North Korea Has Embarked on a Risky Adventure
Russia’s invasion of Ukraine has resulted in a proxy war between the Korean states as they supply arms for both sides. Now that Kim Jong-un has sent troops to take a direct role in the fighting, South Korea could respond by escalating its own involvement.

North Korean leader Kim Jong-un presides over a target strike exercise conducted by special operation forces at an undisclosed location in 2017.(STR / AFP via Getty Images)
North Korea has sent a substantial military force to assist Russia in its war with Ukraine. According to US government officials, there are now more than ten thousand North Korean troops on Russian soil. They are expected to take part in a Russian military operation to regain lost territory in the Kursk region.

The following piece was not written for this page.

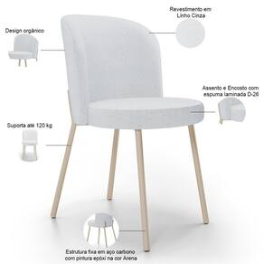 OriginState: PR | Color: Cinza | Largura do assento: 42 cm | Requer montagem: Não | ColorSimple: Cinza | ProductContents: 06 Cadeiras | Fabricante: Lyam Decor | ColorFamily: Cinza | SizeDescription: 105 x 106 x 101 cm | Peso máximo suportado: 120 kg | É empilhável: Não | Espessura do assento: na | ProductWeight: 30 kg | Cor do assento: Cinza | Altura da cadeira: 80 cm | Cor do estofamento: Cinza | Cor: Cinza | Material: Madeira, Espuma, Bouclê | ProductLength: 101 | ColorSupplier: Cinza | É dobrável: Não | SupplierSimpleName: Kit 06 Cadeiras para Sala de Jantar Cozinha Estofada Gavi Arena L02 Linho Cinza - Lyam Decor | ProductWarranty: 90 dias após o do produto | OriginCountry: | ProductHeight: 105 | Model: Gavi | ProductInstructions: Produto para uso residencial em ambiente interno, não devendo ficar exposto diretamente ao sol, calo | ProductWidth: 106 | Profundidade do assento: 42 cm | Cor da estrutura da cadeira: Arena | Largura da cadeira: 44 cm | Profundidade da cadeira: 53 cm | MaterialFamily: Madeira, Espuma, Bouclê | Firmeza: Sim | Material do estofamento: Madeira, Espuma, Linho | Tempo de montagem: na | Desenho do tecido: Liso | Altura do assento a partir do solo: 46 cm | É cadeira de balanço: Não
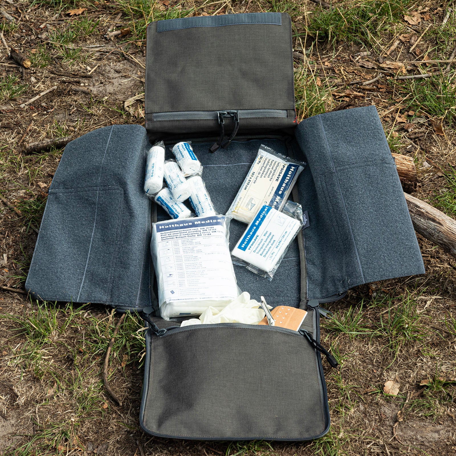 Die Medic Bag kann komplett geöffnet werden, sodass der Inhalt schnell griffbereit ist. Der Tascheninhalt kann bedarfsorientiert zusammengestellt werden.

The US government says that Ukraine’s army has already engaged in combat with soldiers from North Korea, whose presence Vladimir Putin did not deny when questioned at the BRICS summit last month. The deployment is likely to reshape the complexion of a grinding war at the center of Europe as well as the much longer period of military rivalry between the two states on the Korean peninsula.
Long before the North Korean deployment, the Ukraine conflict had already become something of a proxy war for the two Koreas. Two rival sources of artillery shells and ammunition — from South Korea to Ukraine via the United States and Poland, and from North Korea to Russia — have been sustaining a war of attrition between Moscow and Kyiv. The two Korean states have been well positioned to meet the insatiable demand for munitions as their own permanent war footing contrasts with the decommissioning of conventional weaponry in Europe since the end of the Cold War.